In a video posted by the Russian state-owned TASS news agency, the deputy head of the Russian-installed administration in the southern Kherson region, Kirill Stremousov, said Ukraine hit the Antonivskyi bridge in Kherson with HIMARS, damaging the road but not injuring anybody.
Peace on Russia’s ‘terms’
The missile attacks came as the British military said it believes Russia is facing “increasingly acute” problems in keeping up its troop strength in its grinding war of attrition that began with the February 24 invasion of Ukraine.
The British defence ministry said in a Tuesday morning assessment that Russia “has struggled to sustain effective offensive combat power since the start of the invasion, and this problem is likely becoming increasingly acute” as Moscow seeks to conquer the Donbas region of eastern Ukraine.
The British military added, “While Russia may still make further territorial gains, their operational tempo and rate of advance is likely to be very slow without a significant operational pause for reorganisation and refit.”
More than two weeks have passed since Russia’s last major territorial gain – capturing the eastern Ukrainian city of Lysychansk – and Ukraine’s General Army Staff said on Tuesday that Moscow’s forces were busy shoring up their positions in recently seized territory and mounting limited but unsuccessful ground assaults, albeit in numerous different locations.
But senior Russian security official said on Tuesday that peace in Ukraine, when it came, would be on Moscow’s terms.
Dmitry Medvedev, Russia’s former president who is now deputy head of its Security Council, struck a defiant tone though, signalling that Moscow was ready to do whatever it took in order to prevail.
“Russia will achieve all its goals.
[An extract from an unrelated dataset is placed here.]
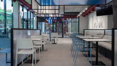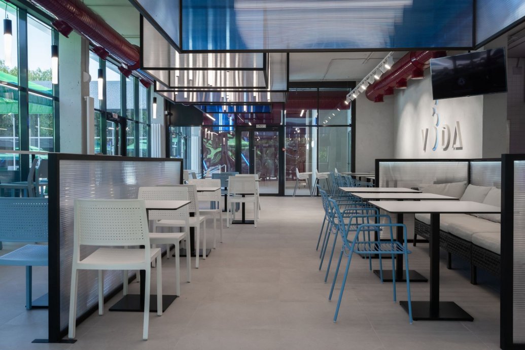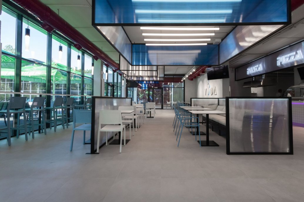 For the main lighting in the corridors of the thermae and cafe, linear luminaires based on profile and LED strip were used. In the cafe area, local lighting is organized with the help of original tube luminaires with vertical orientation. To create them used round profile and LED strip with the highest color rendering index (CRI>95). In such a light space, the colors look especially pure and bright, which is in line with the overall concept.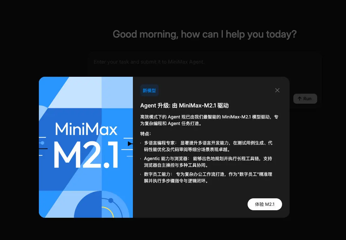 Agent 也进行了升级: 由 MiniMax-M2.1 驱动

There will be peace – on our terms,” Medvedev said.
Meanwhile, in only his second trip abroad since Russia’s full-scale invasion, Putin is meeting Iran’s President Ebrahim Raisi and Turkish President Recep Tayyip Erdogan on pressing issues facing the region.
As the West heaps sanctions on Russia and the costly campaign drags on, Putin is seeking to bolster ties with Tehran, a fellow target of severe US sanctions and a potential military and trade partner.
But perhaps most crucially, the Tehran trip offers Putin a chance for a high-stakes meeting with Erdogan, who has sought to help broker talks on a peaceful settlement of the Russia-Ukraine conflict, as well as help negotiations to unblock Ukrainian grain through the Black Sea.